Teachta Dála
- In office January 1933 – July 1937
- In office June 1927 – February 1932
- Constituency: Monaghan

Personal details
- Born: 24 July 1883 Glaslough, County Monaghan, Ireland
- Died: 17 January 1951 (aged 67) County Monaghan, Ireland
- Party: Independent
- Spouse: Martha Steenson
- Children: 2

= Alexander Haslett =

Irish politician (1883–1951)

Alexander Haslett (24 July 1883 – 17 January 1951) was an Irish Independent politician.
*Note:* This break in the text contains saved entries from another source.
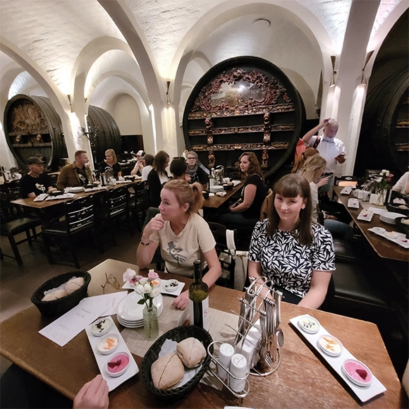 Zur Stärkung trafen wir uns immer wieder alle in den verschiedensten Lokalitäten. So gab es die Vorspeise in Bremens legendärem Ratskeller, der vor allem für seine große Weinauswahl bekannt ist, später kehrten wir in ein rheinisches Gasthaus zum Hauptgang ein und fanden den Abschluss
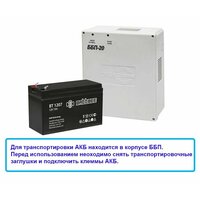 Источник питания ББП-20 предназначен для электропитания устройств и приборов напряжением 12 В. Источник питания предназначен для установки в помещениях, рассчитан на круглосуточную работу и является восстанавливаемым, обслуживаемым изделием. Относится к 0 классу защиты от поражения электрическим током по ГОСТ 12.2.007.0-75.
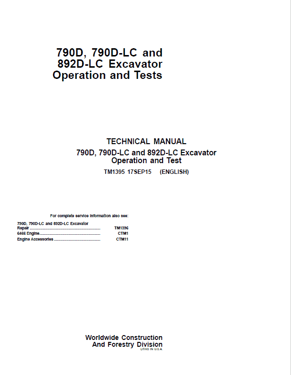The John Deere 790D, 790D-LC, 892D-LC Excavator Technical manuals are divided in two parts: repair and operation and tests. Repair sections tell how to repair the components. Operation and tests sections help you identify the majority of routine failures quickly.
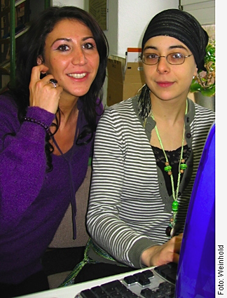 frisieren Yanina und Lena (vorn, von links nach rechts) die professionellen
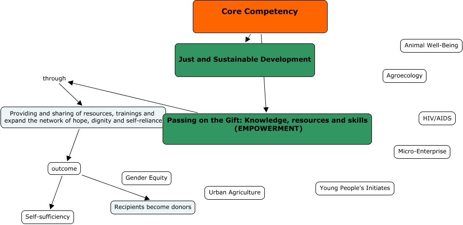 This Concept Map, created with IHMC CmapTools, has information related to: Heifer International, Passing on the Gift: Knowledge, resources and skills (EMPOWERMENT) through Providing and sharing of resources, trainings and expand the network of hope, dignity and self-reliance, outcome Recipients become donors, Core Competency Just and Sustainable Development, outcome Self-sufficiency, Providing and sharing of resources, trainings and expand the network of hope, dignity and self-reliance outcome, Core Competency Passing on the Gift: Knowledge, resources and skills (EMPOWERMENT)
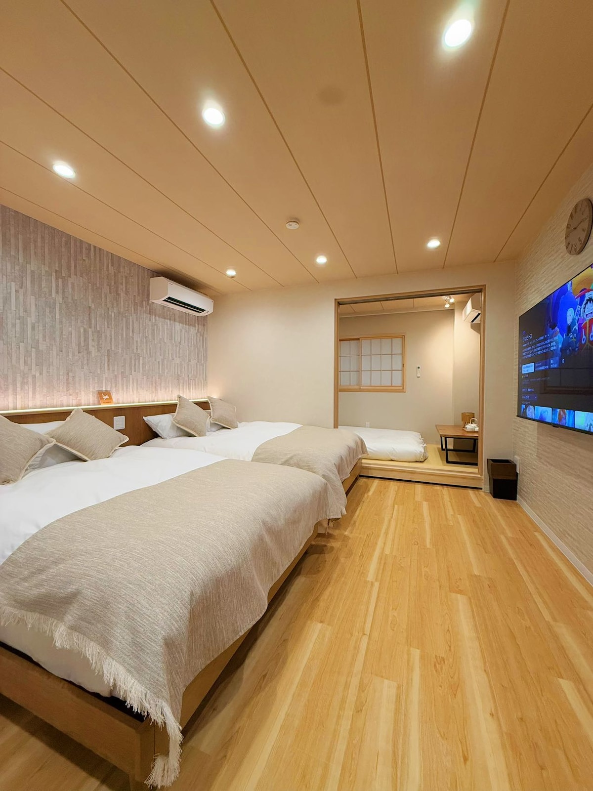 🏠 Tora Hotel Sensouji Moon(30㎡|極簡風格) 📍 位於東京都台東區千束 🗺 可利用交通:東京地鐵メトロ、日比谷線、JR山手線 🛍 距離【便利商店】與【地鐵站】步行10分鐘以內 🛏 房型與設施介紹 ・雙人床(1.4m × 2m)& 沙發床(1.8m × 1m) ・獨立衛浴(淋浴與廁所乾濕分離) ・冷暖氣空調 ・電視 ・附有烘乾功能的浴室 ・Wi-Fi(室內免費) 🍳 房內家電與廚房用具 ・電磁爐 ・冰箱 ・電熱水壺 ・微波爐 ・炊具(*為了衛生考量,暫不提供調味料) ・餐具 ・洗衣機與洗衣粉 ・廚房洗潔精與海綿 🧴 提供盥洗用品 ・牙刷、洗髮精、潤髮乳、沐浴乳 ・浴巾、毛巾 🚫 *不提供刮鬍刀與梳子 💡 垃圾袋與吹風機放置於洗手台下方櫃子內 📦 提供服務 ✅ 可線上入住/自助入住 ✅ 可寄放行李(請事先通知房東) ✅ 免費更換毛巾(限入住7晚以上)
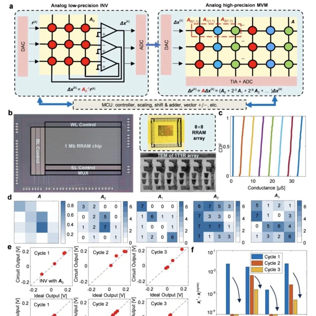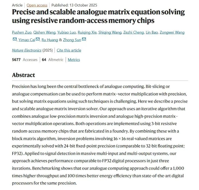 技术突破 - 成功研制出基于阻变存储器的高精度、可扩展模拟矩阵计算芯片 [1] - 首次实现了在精度上可与数字计算媲美的模拟计算系统 [1] - 将模拟计算的精度提升至24位定点精度 [1] 性能表现 - 在求解大规模MIMO信号检测等关键科学问题时,计算吞吐量与能效较当前顶级数字处理器提升百倍至千倍 [1] - 在求解32×32矩阵求逆问题时,其算力已超越高端GPU的单核性能 [2] - 当问题规模扩大至128×128时,计算吞吐量达到顶级数字处理器的1000倍以上 [2] - 相同精度下能效比传统数字处理器提升超100倍 [2] 技术细节 - 实验上成功实现16×16矩阵的24比特定点数精度求逆 [2] - 矩阵方程求解经过10次迭代后,相对误差可低至10⁻⁷量级 [2]
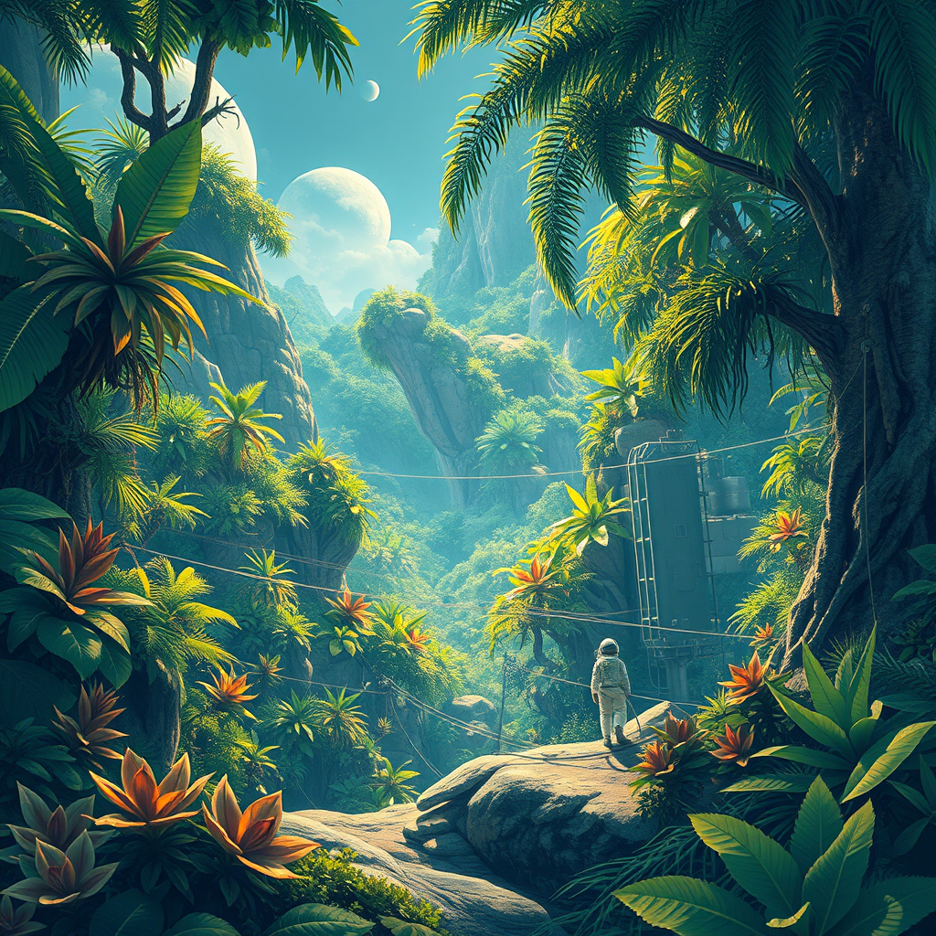 A stunning illustration of an astronaut exploring a lush, verdant world, showcasing a masterpiece of sci-fi artistry with atmospheric depth. Highly detailed and in sharp focus, the scene is intricately composed, capturing the vibrant flora and exotic landscapes in breathtaking 4k resolution. Trending on art platforms, this artwork offers imaginative embellishments, with subtle futuristic elements and a unique perspective, inviting the viewer to get lost in the beauty and mystery of this otherworldly environment.
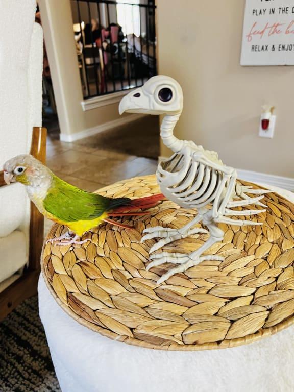 Whether it's part of a haunted house display or an accent on your festive dinner table, this crow skeleton is sure to be a conversation starter. Its detailed design and skeletal appearance make for a compelling visual that's perfect for the spookiest night of the year.
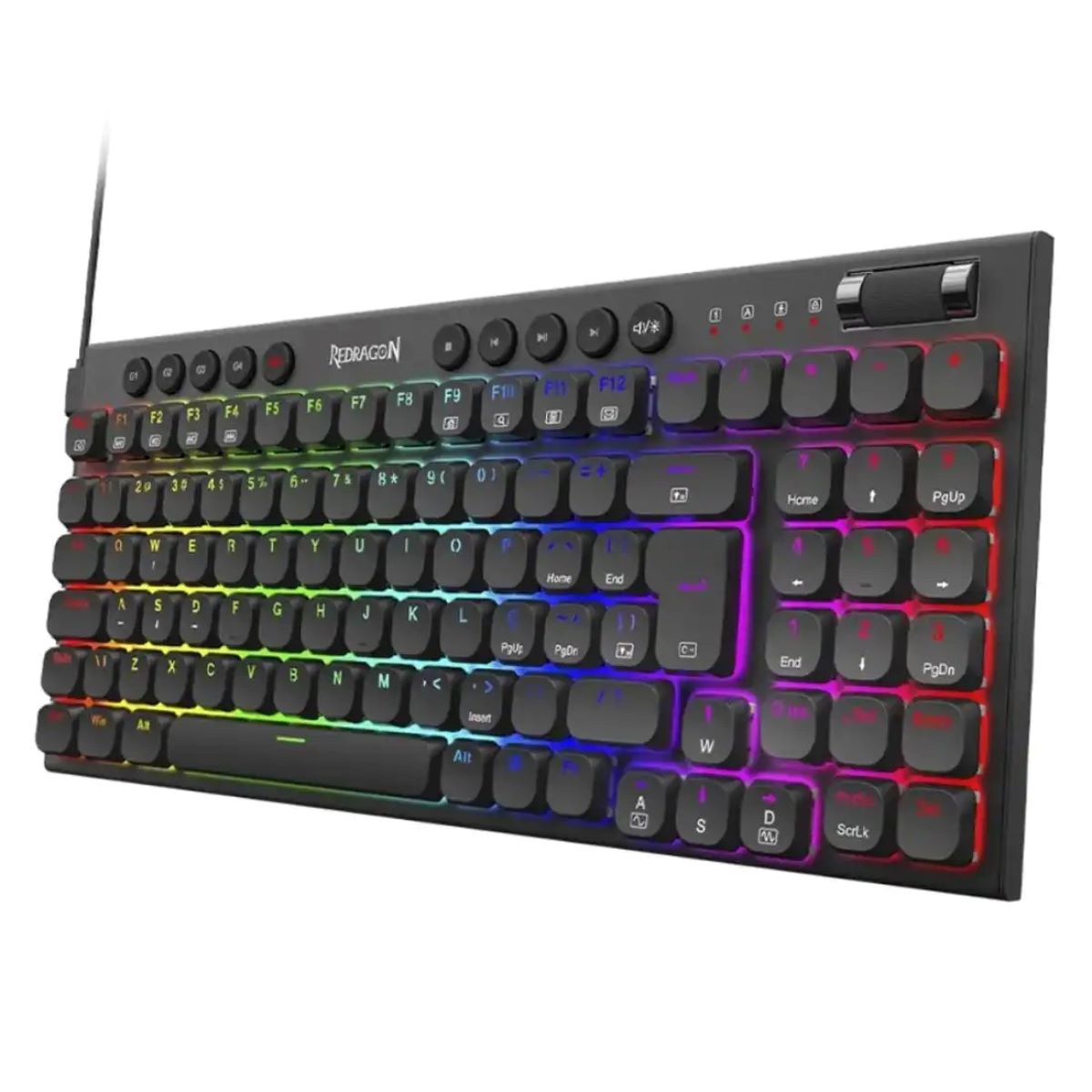 کیبورد Redragon SION K653 با طراحی 94 کلیدی، ترکیبی هوشمند از فرم فشرده و عملکرد کامل ارائه میدهد. با وجود ابعاد کوچکتر نسبت به کیبوردهای فولسایز، این مدل همچنان دارای بخش نامپد، کلیدهای مدیا، چهار کلید ماکروی اختصاصی و یک کلید غلتکی چندکاره برای کنترل صدا است که بهطور حرفهای در گوشهی بالا سمت راست تعبیه شده است. اجازه دهید با هم در ادامه مروری بر ویژگیهای این کیبورد گیمینگ ردراگون داشته باشیم.
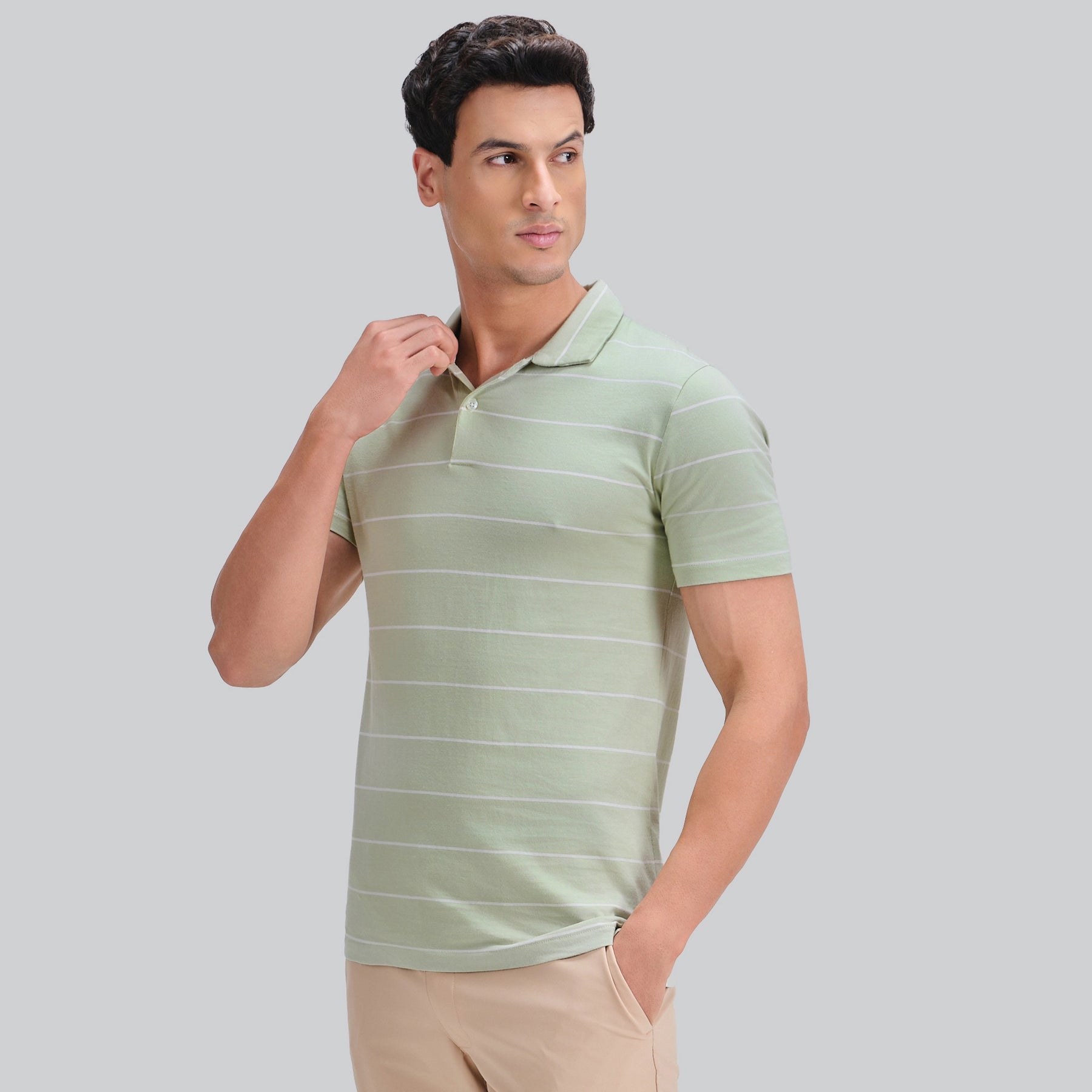 Say Say hello to our pistachio green Linea striped polo - a classic upgrade for your wardrobe.
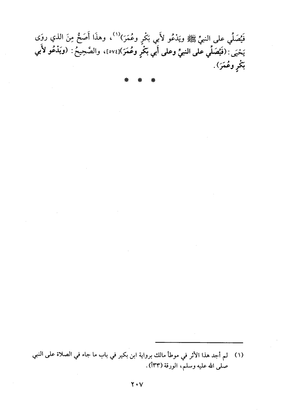 (¬1) لم أجد هذا الأثر في موطأ مالك برواية ابن بكير في باب ما جاء في الصلاة على النبي - صلى الله عليه وسلم -، الورقة (33 أ).
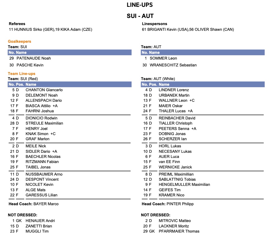 Formation des équipes pour le match décisif Suisse vs Autriche 15/08/2022 Follow SwissHabs Derniers articles Il y a 15 minutes Aperçu des demi-finales de la PostFinance Women’s League Il y a une heure Emmanuel Tacchini signe avec Arosa Il y a 2 heures Des détails sur l'actionnariat de Fribourg-Gottéron Il y a 3 heures Lian Bichsel revient sur la période délicate qu'il a traversée lors de sa blessure Il y a 4 heures Loïc In-Albon prend quatre match de suspension
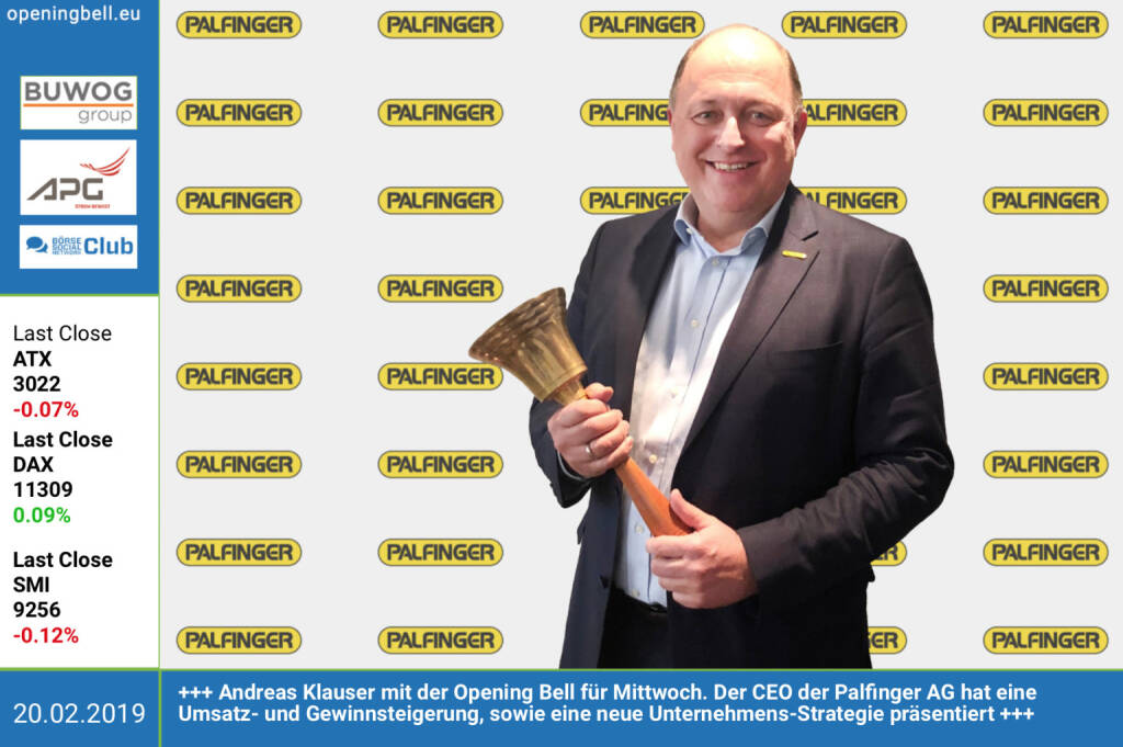 20.2.: Andreas Klauser mit der Opening Bell für Mittwoch. Der CEO der Palfinger AG hat eine Umsatz- und Gewinnsteigerung, sowie eine neue Unternehmens-Strategie präsentiert. http://palfinger.ag https://www.facebook.com/groups/GeldanlageNetwork

He was an independent TD for the Monaghan constituency in Dáil Éireann from June 1927 to 1932 and from 1933 to 1937. He stood as an "unofficial Protestant candidate". His failure to be elected in both 1937 and 1943 was due to the continuing decline in numbers of the Protestant population in County Monaghan. Fine Gael also ran a Protestant candidate (Ernest Blythe).

He was born on 24 July 1883 in Glaslough, County Monaghan, the youngest son among four sons and one daughter of James Haslett, farmer, and Mary Haslett (née Watt). He was educated at Glaslough national school, while each of his siblings emigrated to the US, he farmed the family holding at Derryvane, selling it in 1921 to purchase a substantially larger farm at Mulladuff. Elected in 1912 to Monaghan rural council and board of guardians, he was secretary until 1920 of the Monaghan branch of the Ulster Farmers' Union.

In the mid-1920s he launched an auctioneering business in Glaslough and Monaghan town, and served as council member and sometime president of the Irish Auctioneers' Association. He was active in the Orange Order, he became prominent locally in the affiliated Protestant Defence Association (organised in 1920 amid the political violence of the time) at a time when unionists in Monaghan and throughout the twenty-six southern counties were assessing their position in the face of devolved government, and the exclusion of three Ulster counties from Northern Ireland.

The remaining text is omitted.